So I've never actually blogged before but I've read so many of them in the last little while that I thought that I would give it a try. Like my profile says, I'm a 30ish, type 1 diabetic female. Surprisingly I have not been a diabetic since childhood.
I had just returned from a friend's wedding in the Okanagan Valley and noticed that I was drinking about 6 - 8 litres of water a day and consequently going to the bathroom every 30 minutes. My mother right away told me to go to the doctor and get checked for diabetes. Everything inside of me rebelled. Diabetes was for old people.
I was about 24 when I was diagnosed with Type 2 diabetes.
I know what you're thinking, "didn't she say that she was type 1?"
Yes I did.
To explain a little, at the time I weighed about 220 ibs. I'm from a tiny little town and my family doctor wasn't exactly familiar with the different types of diabetes. She figured that anyone who was overweight had to be type 2. Of course, little ol' me, thinking that diabetes was only for old people, didn't question. I made up my mind that if I was going to have a chronic illness, then I was going to be the best diabetic the world had ever seen. :-)

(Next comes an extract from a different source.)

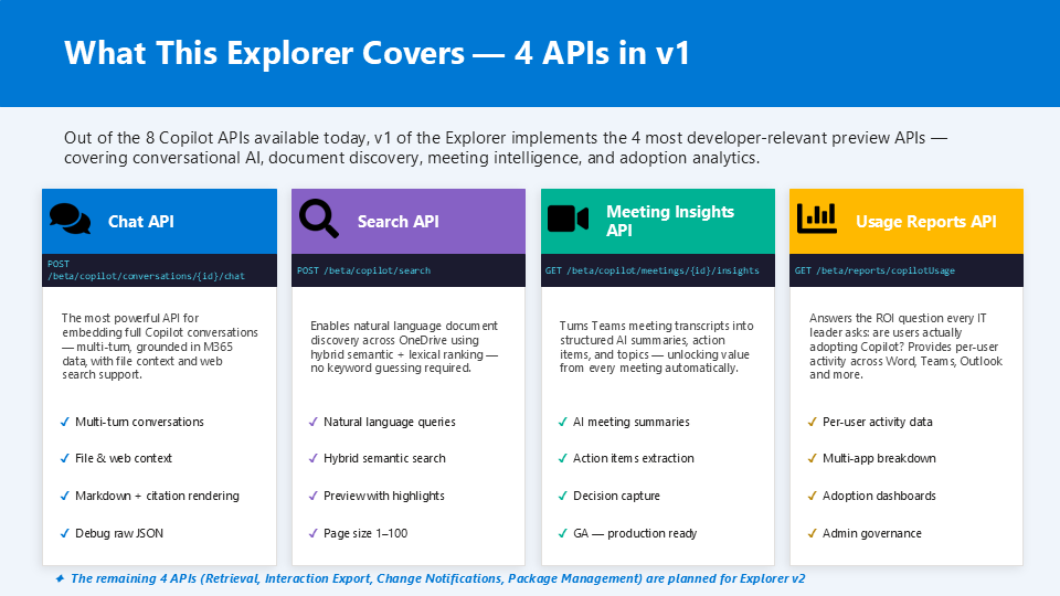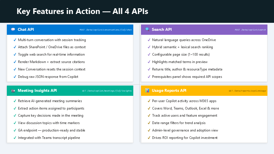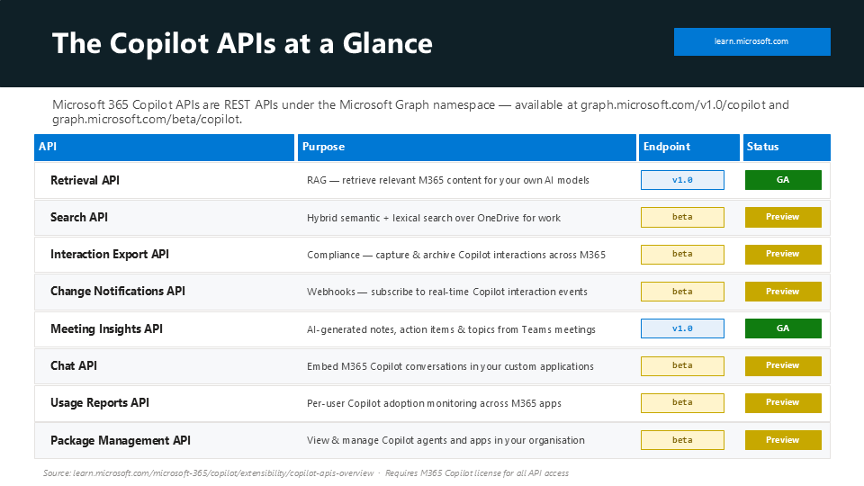 - MS Docs Copilot APIs – https://learn.microsoft.com/en-us/microsoft-365/copilot/extensibility/copilot-apis-overview

About three months in, my blood sugars remaining in the high twenties even while on metformin and glyburide and losing 20 ibs mainly due to cutting my carb intake to nil, my doctor finally sent me to an endocrinologist in a larger town. As soon as the endocrinologist saw my sugars, she immediately said that I was definitely a type 1 and ordered a battery of blood tests including an A1C. I also got assigned a dietitian and a diabetic nurse educator that I would see every three months along with my endo. My dietitian put me right onto carbohydrate counting and my nurse put me on prefilled insulin pen injections.
Finding out that I was diabetic was one thing, finding out that I now had to go on insulin injections for the rest of my life was another.
The only thing that I really remember about that day was going out for lunch with my mom and trying to give myself my first insulin shot. Of course it wasn't at a full right angle and hurt like a bitch. Thankfully I figured out pretty quick how to make sure that that didn't happen again.